The World Health Organisation now has a policy recommending no screen media for children in their first year of life and rarely in their second.
But the American Academy of Pediatrics has changed its mind. In 1999, with no research evidence to back it, it recommended no screen viewing for children under two years. But its latest guidelines for children and adolescents have shifted the focus from what is on the screen to who else is in the room.
For babies younger than 18 months, AAP still says no screens at all are the best idea, with a notable exception - live video chat. Surveys have indicated that families believe that playing live peekaboo with Grandma on Skype can be beneficial.
Governments need to lead this debate with a vision for the future of today's children. A ban on smartphones in schools is a Luddite, kneejerk, cosmetic response. Young people, many of whom will be angry and see the ban as an attack on their independence and ability to regulate their own lives, will find their way around it, especially as their intuitive skills with technology exceed those of their seniors, teachers and parents.
More important, such blinkered policies can undermine the education potential and the opportunities to develop the positive benefits to society that new technology can bring through more effective teaching, learning, social and global engagement. Smartphones are an important tool.
As far back as 2006, the Academy of American Scientists issued a statement supporting the use of computer and video games in classrooms, stating: "Games offer attributes important for learning - clear goals, lessons that can be practised repeatedly until mastered, monitoring learner progress and adjusting instruction to learner level of mastery, closing the gap between what is learned and its use, motivation that encourages time on task, personalisation of learning, and infinite patience."
Thirteen years later we are a long way from understanding and accepting this informed advice. The report, released last week on The Australian National Outlook finds: "Australia is at a crossroads." New technologies are transforming industries and creating new ones, yet Australia is sliding down the international scale measuring our country's comparative education status.
We are being told that many of today's jobs will be made redundant by technology and the next generation will be doing jobs we parents can't even imagine. Children are eager to embrace these new opportunities but we are failing to equip kids with the enterprise, adaptive and digital skills that will be vital to success in future careers. While parental anxiety is understandable, parents want the best for their children and teachers should be leading this urgent change, not sheltering behind government prohibition.
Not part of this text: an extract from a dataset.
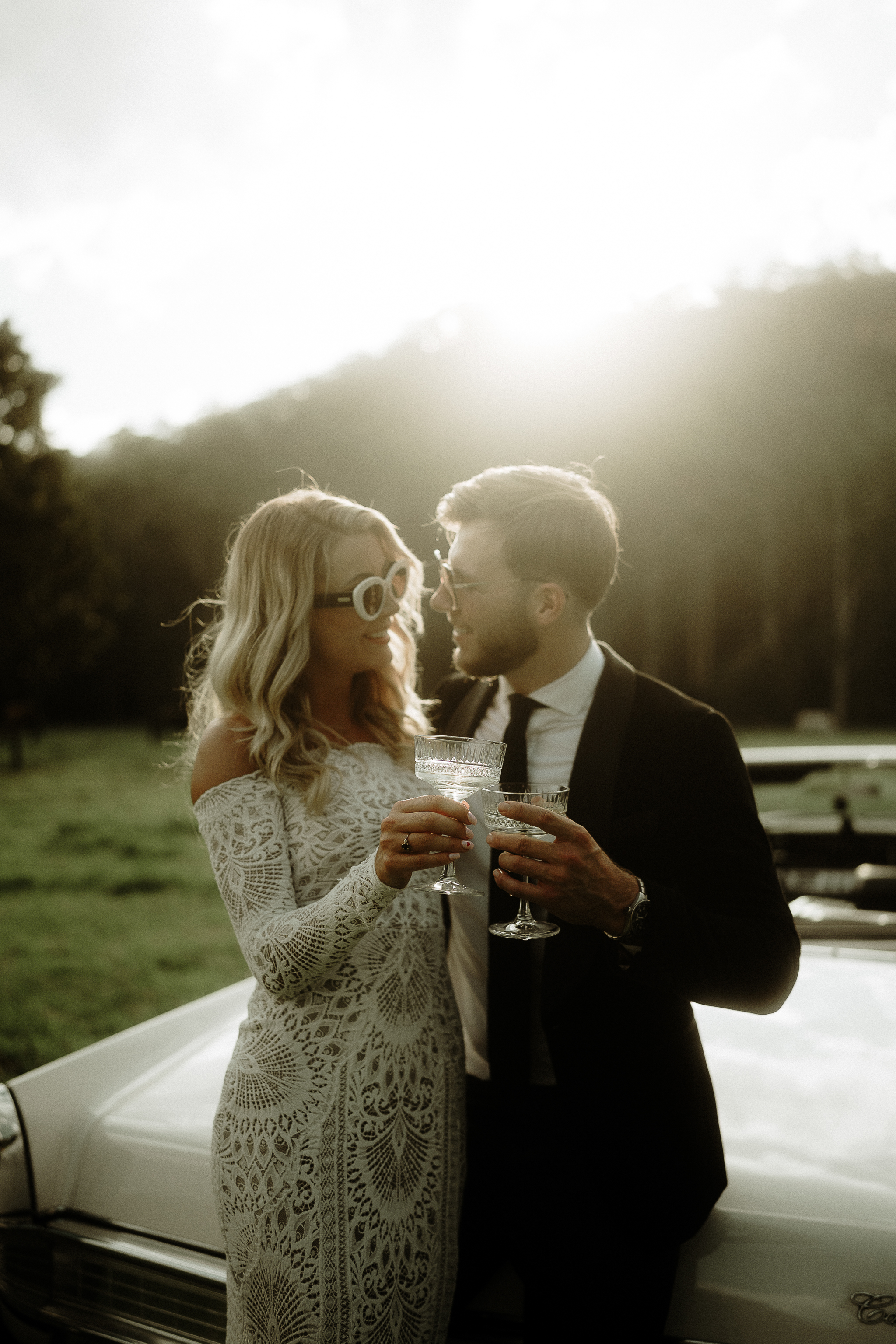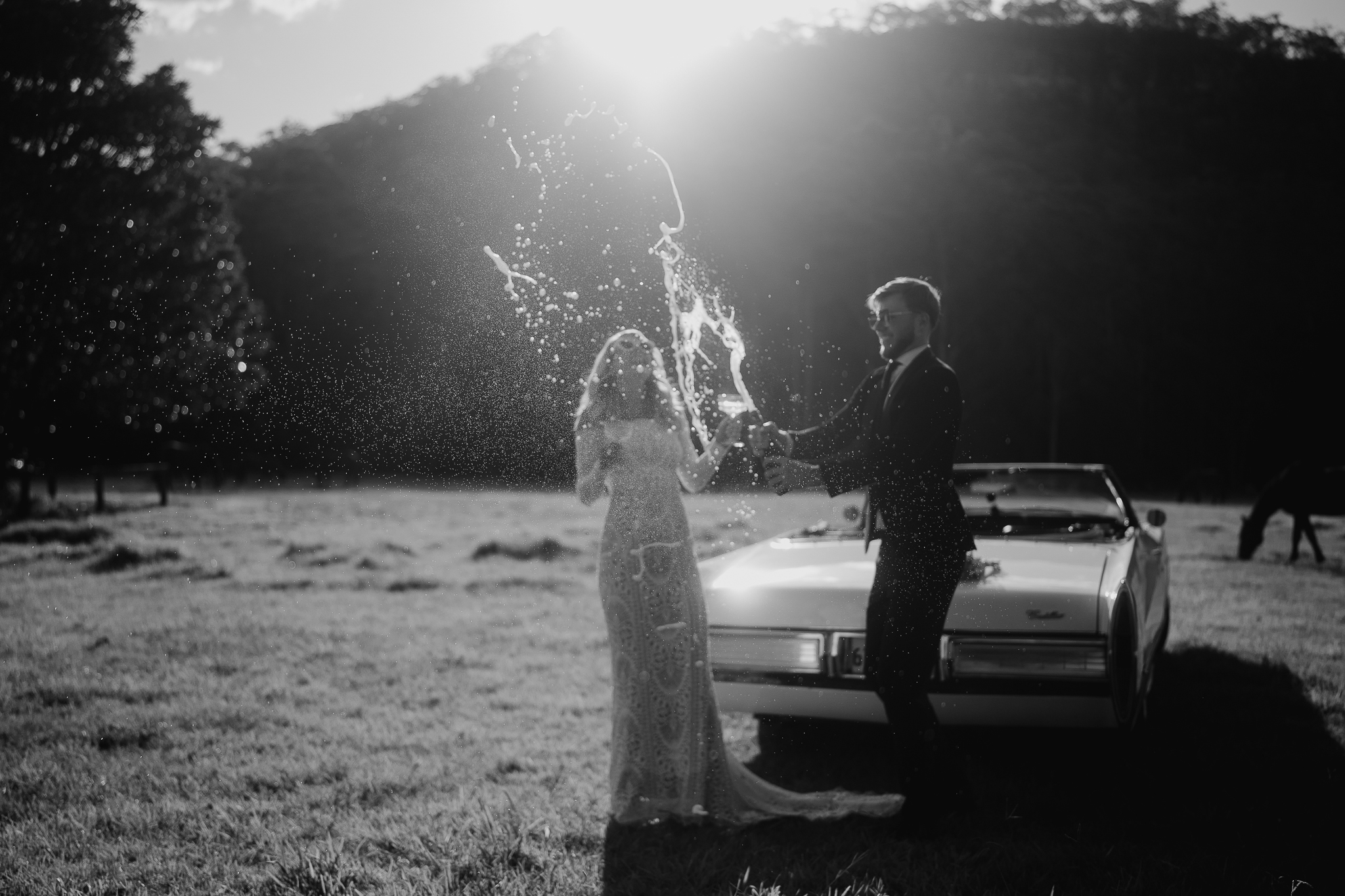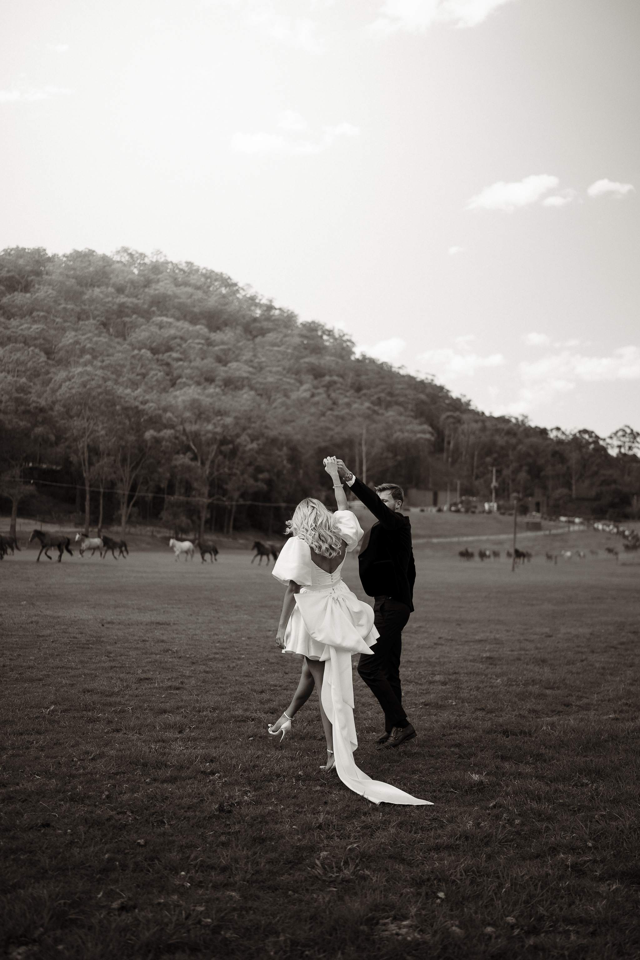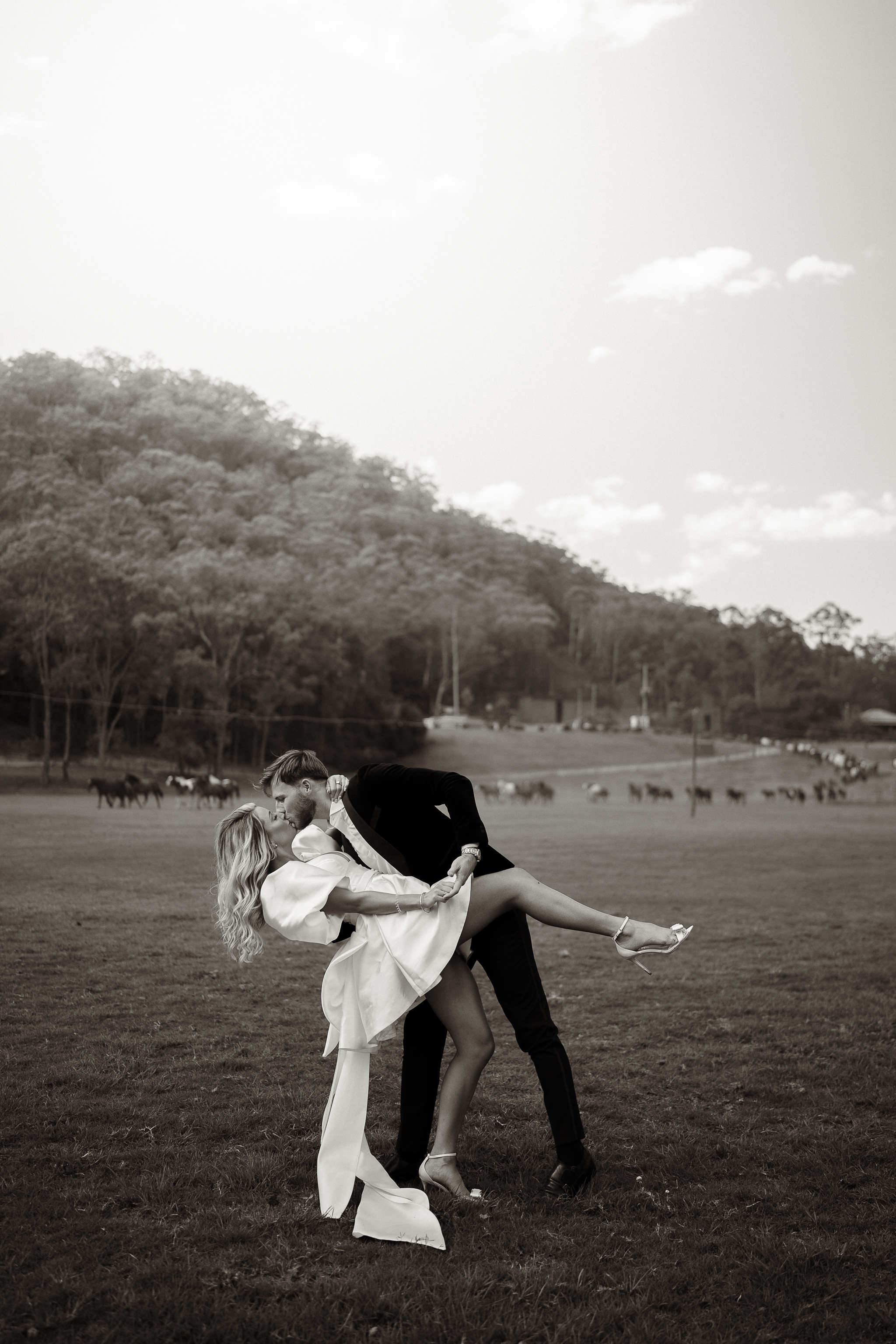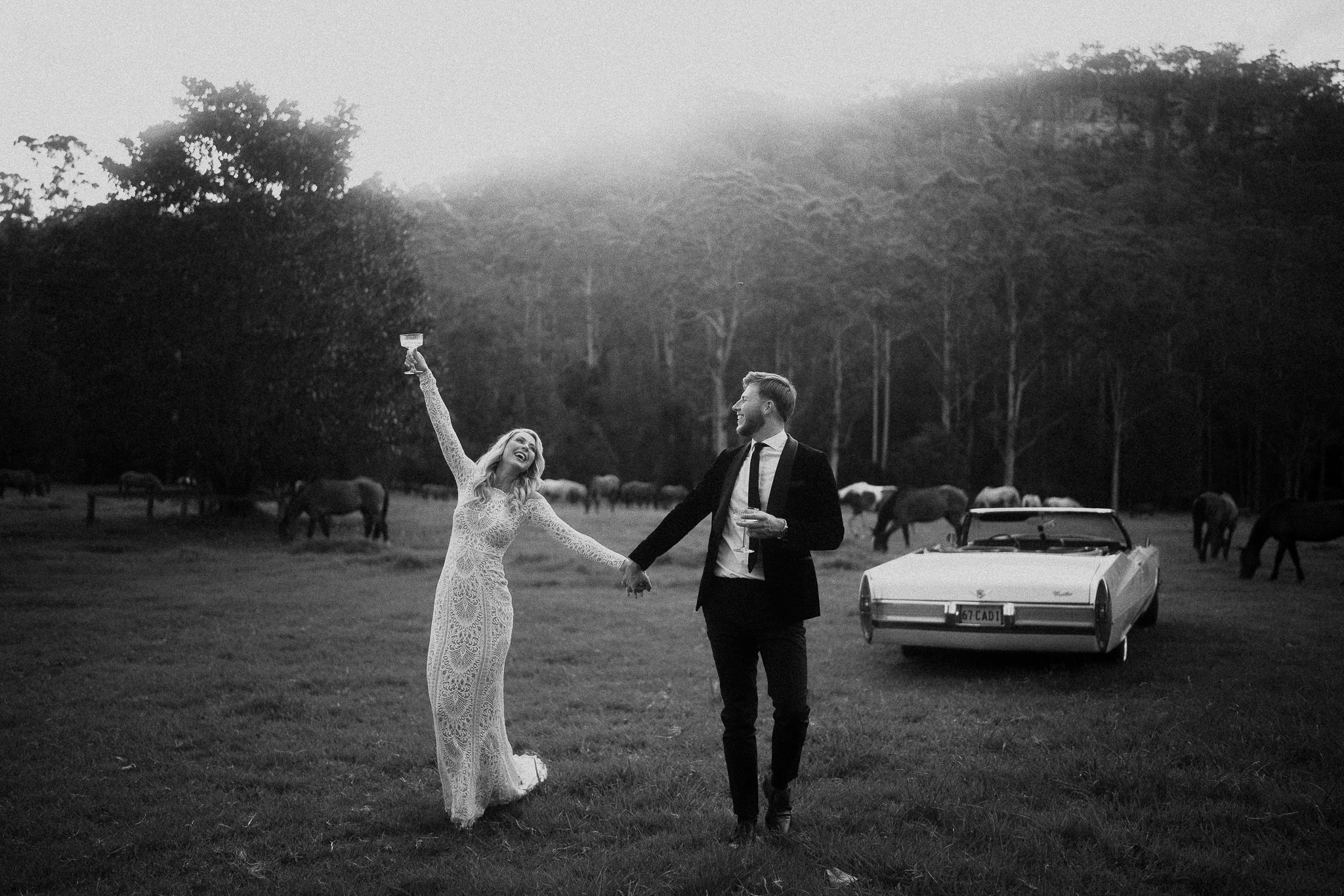 This beautiful photoshoot was done in the Glenworth valley weddings venue! If you are interested in shooting with horses and a beautiful landscape near Sydney, this is the place to be! All the things you see in this photoshoot, the car, dresses, suits, shoes, cake, champagne tower and the beautiful couple have all helped this shoot to achieve this beautiful look! I will post them all below as I highly recommend using these vendors! Car: @caddychicevents/ Bow dress: @kwhbridal/ Lace dresses: @grace_loves_lace/ Suits: @thdr_co/ Bridal shoes: @harloau/ Cake: @_sammiecakes

If a school needs to ban smartphones to get kids to pay attention there is something wrong with the staff's teaching skills. Children must be taught to negotiate the pitfalls of the online world just as they have to be taught to cross the road and to deal with strangers. This is the world they live in.
Instead of banning smartphones and games, parents and schools should focus on helping young people to think critically about the online world. What is needed is a media literacy program, from preschool on, to teach constructive online behaviour that will prepare kids for the future.
The technology revolution has the potential to transform the lives of billions of people and solve the problems threatening the viability and sustainability of the planet. Without technology human extinction could be inevitable, and it is young people who must deal with the serious crises now facing the planet.
Patricia Edgar has had a 60-year career as a teacher, researcher, producer and policy analyst.